> [WORK INSTRUCTIONS]: Please retype every record below exactly, leaving the pictures out.

DATASET CONTENT section start

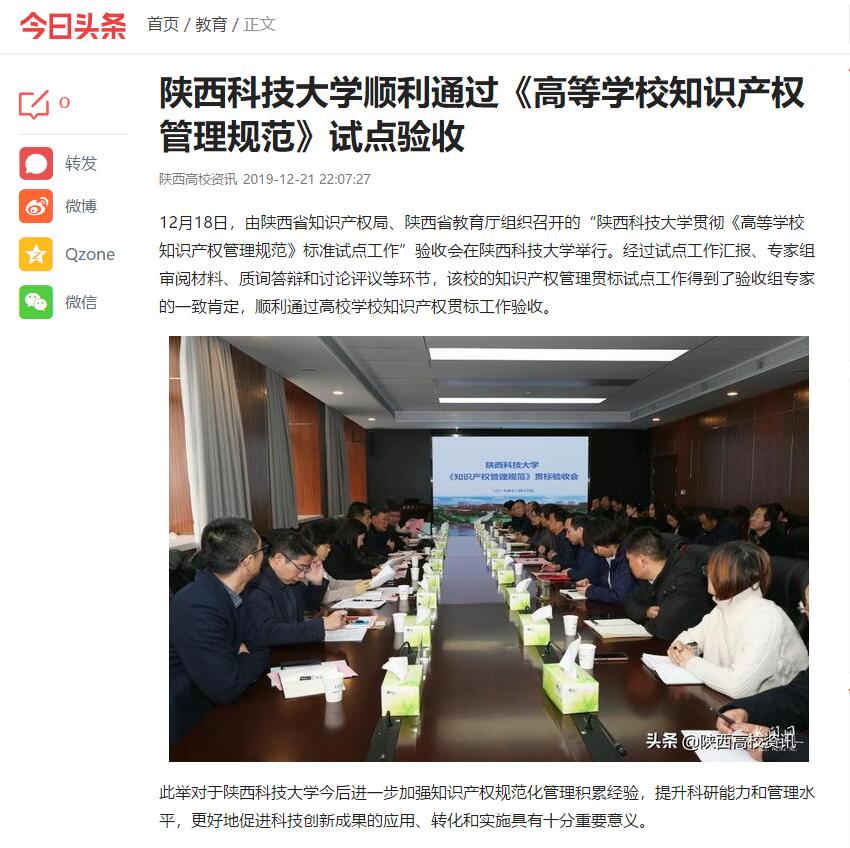 今日頭條:陜西科技大學(xué)順利通過《高等學(xué)校知識產(chǎn)權(quán)管理規(guī)范》試點驗收
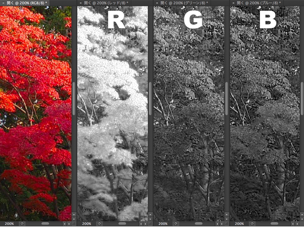 日が射した部分は、レッドよりもグリーンとブルーで解像しています。
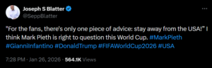 Blatter gave his opinion X, in which he defended some statements given previously by the Swiss anti-corruption expert and lawyer Mark Pieth. In his post, Blatter has cited the advice of Pieth to the fans to avoid the United States and replied that the World Cup should be questioned in the current circumstances.
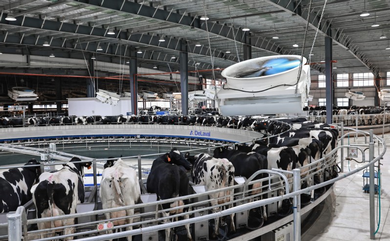 AI攝像頭、溫濕度傳感器、智能項(xiàng)圈、電子耳標(biāo)……人工智能、物聯(lián)網(wǎng)、大數(shù)據(jù)系統(tǒng)集成聯(lián)動(dòng),一臺(tái)臺(tái)自動(dòng)化設(shè)備在存欄8300余頭奶牛的牧場(chǎng)內(nèi)高效運(yùn)轉(zhuǎn)。這是蘇墾優(yōu)然牧業(yè)生態(tài)智慧牧場(chǎng)內(nèi)的一幕,也是江蘇農(nóng)墾推進(jìn)智慧農(nóng)業(yè)發(fā)展,實(shí)現(xiàn)農(nóng)業(yè)生產(chǎn)數(shù)字化的典型場(chǎng)景。大數(shù)據(jù)管理平臺(tái)將牧場(chǎng)繁殖、疾病、轉(zhuǎn)群、防疫、營(yíng)養(yǎng)、DHI、成本等生產(chǎn)數(shù)據(jù)收集匯總,實(shí)現(xiàn)生產(chǎn)管理數(shù)字化、流程化、智能化,大幅提高了鮮奶的產(chǎn)量和質(zhì)量,鮮奶質(zhì)量?jī)?yōu)于歐盟標(biāo)準(zhǔn),牧場(chǎng)成功入選2022年智慧江蘇重點(diǎn)工程。蘇墾優(yōu)然智慧牧場(chǎng)建設(shè)主要分為數(shù)字化信息綜合平臺(tái)、牧場(chǎng)智能化設(shè)備、實(shí)時(shí)監(jiān)控、無(wú)線網(wǎng)絡(luò)覆蓋及數(shù)據(jù)中心。無(wú)線網(wǎng)絡(luò)覆蓋為監(jiān)控設(shè)備與智能化硬件設(shè)備提供網(wǎng)絡(luò)服務(wù),實(shí)現(xiàn)牧場(chǎng)智能化設(shè)備數(shù)據(jù)的實(shí)時(shí)上傳和監(jiān)控設(shè)備實(shí)時(shí)監(jiān)控。大數(shù)據(jù)駕駛艙共分為17個(gè)模塊,展示牧場(chǎng)位置及牧場(chǎng)總體概況數(shù)據(jù),包括牧場(chǎng)實(shí)時(shí)存欄、生態(tài)環(huán)保、飼養(yǎng)分級(jí)、圈舍分布、通知咨詢等。物聯(lián)網(wǎng)賦能提質(zhì)添智。在蘇墾優(yōu)然牧場(chǎng),飼養(yǎng)員每天早上都會(huì)打開手機(jī),“智慧養(yǎng)殖系統(tǒng)相當(dāng)于給每頭奶牛頒發(fā)了可自動(dòng)采集數(shù)據(jù)的電子身份證,個(gè)體牛只基本檔案一牛一碼、一目了然,查看奶牛身體狀況更加方便了。”原來(lái)還要為牛舍的事進(jìn)進(jìn)出出,現(xiàn)在只
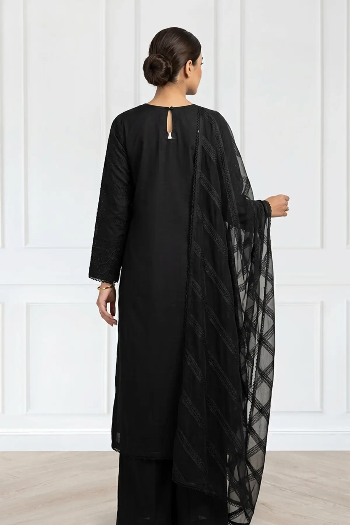 Paired with wide‑leg lawn trousers, offering comfort, flow, and a contemporary balance to the embroidered shirt.
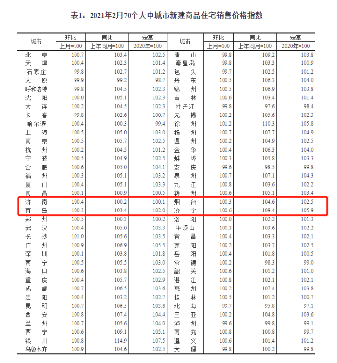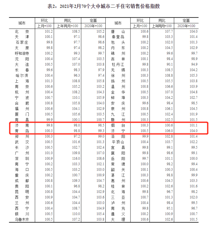 3月15日,国家统计局发布2021年2月份70个大中城市商品住宅销售价格变动情况统计数据。济南青岛等城市新房价格继1月份小幅上涨后,2月份继续回温,二手房价格2月份则有所回落。
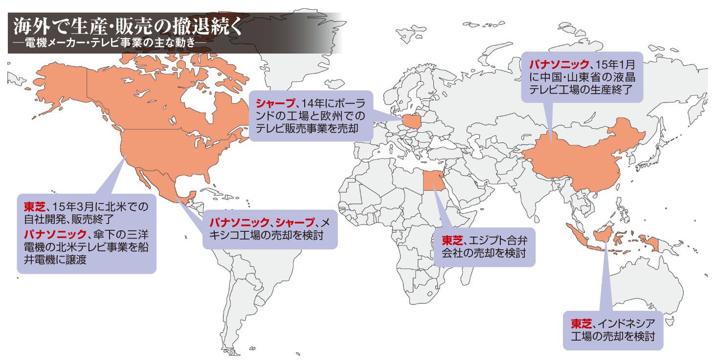2005年には世界シェア13%を握っていたシャープも、2014年末にポーランドの工場を売却。欧州でのブランド使用権をスロバキア企業に供与して収益を得るビジネスモデルへの転換を図った。
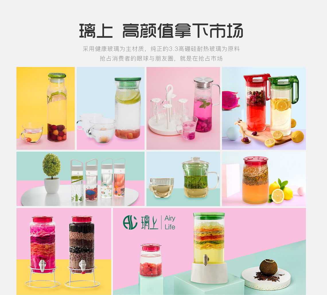 璃上品牌拥有茶具水具、烘焙制食、花瓶花插、储物储酿、厨房制备五大产品系列,致力于用美丽、清透的玻璃家居用品为消费者奉上优雅的生活享受。以“花、种子、果实”养生为基础,解放生活琐事对美丽、健康、梦想的追求。
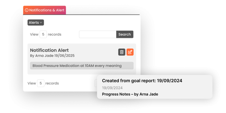 - Automated alert system for critical client information and care requirements

DATASET CONTENT section end

> [EXERCISE RESULT]:
 今日頭條:陜西科技大學(xué)順利通過《高等學(xué)校知識產(chǎn)權(quán)管理規(guī)范》試點驗收
 日が射した部分は、レッドよりもグリーンとブルーで解像しています。
 Blatter gave his opinion X, in which he defended some statements given previously by the Swiss anti-corruption expert and lawyer Mark Pieth. In his post, Blatter has cited the advice of Pieth to the fans to avoid the United States and replied that the World Cup should be questioned in the current circumstances.
 AI攝像頭、溫濕度傳感器、智能項(xiàng)圈、電子耳標(biāo)……人工智能、物聯(lián)網(wǎng)、大數(shù)據(jù)系統(tǒng)集成聯(lián)動(dòng),一臺(tái)臺(tái)自動(dòng)化設(shè)備在存欄8300余頭奶牛的牧場(chǎng)內(nèi)高效運(yùn)轉(zhuǎn)。這是蘇墾優(yōu)然牧業(yè)生態(tài)智慧牧場(chǎng)內(nèi)的一幕,也是江蘇農(nóng)墾推進(jìn)智慧農(nóng)業(yè)發(fā)展,實(shí)現(xiàn)農(nóng)業(yè)生產(chǎn)數(shù)字化的典型場(chǎng)景。大數(shù)據(jù)管理平臺(tái)將牧場(chǎng)繁殖、疾病、轉(zhuǎn)群、防疫、營(yíng)養(yǎng)、DHI、成本等生產(chǎn)數(shù)據(jù)收集匯總,實(shí)現(xiàn)生產(chǎn)管理數(shù)字化、流程化、智能化,大幅提高了鮮奶的產(chǎn)量和質(zhì)量,鮮奶質(zhì)量?jī)?yōu)于歐盟標(biāo)準(zhǔn),牧場(chǎng)成功入選2022年智慧江蘇重點(diǎn)工程。蘇墾優(yōu)然智慧牧場(chǎng)建設(shè)主要分為數(shù)字化信息綜合平臺(tái)、牧場(chǎng)智能化設(shè)備、實(shí)時(shí)監(jiān)控、無(wú)線網(wǎng)絡(luò)覆蓋及數(shù)據(jù)中心。無(wú)線網(wǎng)絡(luò)覆蓋為監(jiān)控設(shè)備與智能化硬件設(shè)備提供網(wǎng)絡(luò)服務(wù),實(shí)現(xiàn)牧場(chǎng)智能化設(shè)備數(shù)據(jù)的實(shí)時(shí)上傳和監(jiān)控設(shè)備實(shí)時(shí)監(jiān)控。大數(shù)據(jù)駕駛艙共分為17個(gè)模塊,展示牧場(chǎng)位置及牧場(chǎng)總體概況數(shù)據(jù),包括牧場(chǎng)實(shí)時(shí)存欄、生態(tài)環(huán)保、飼養(yǎng)分級(jí)、圈舍分布、通知咨詢等。物聯(lián)網(wǎng)賦能提質(zhì)添智。在蘇墾優(yōu)然牧場(chǎng),飼養(yǎng)員每天早上都會(huì)打開手機(jī),“智慧養(yǎng)殖系統(tǒng)相當(dāng)于給每頭奶牛頒發(fā)了可自動(dòng)采集數(shù)據(jù)的電子身份證,個(gè)體牛只基本檔案一牛一碼、一目了然,查看奶牛身體狀況更加方便了。”原來(lái)還要為牛舍的事進(jìn)進(jìn)出出,現(xiàn)在只
 Paired with wide‑leg lawn trousers, offering comfort, flow, and a contemporary balance to the embroidered shirt.
 3月15日,国家统计局发布2021年2月份70个大中城市商品住宅销售价格变动情况统计数据。济南青岛等城市新房价格继1月份小幅上涨后,2月份继续回温,二手房价格2月份则有所回落。
2005年には世界シェア13%を握っていたシャープも、2014年末にポーランドの工場を売却。欧州でのブランド使用権をスロバキア企業に供与して収益を得るビジネスモデルへの転換を図った。
 璃上品牌拥有茶具水具、烘焙制食、花瓶花插、储物储酿、厨房制备五大产品系列,致力于用美丽、清透的玻璃家居用品为消费者奉上优雅的生活享受。以“花、种子、果实”养生为基础,解放生活琐事对美丽、健康、梦想的追求。
 - Automated alert system for critical client information and care requirements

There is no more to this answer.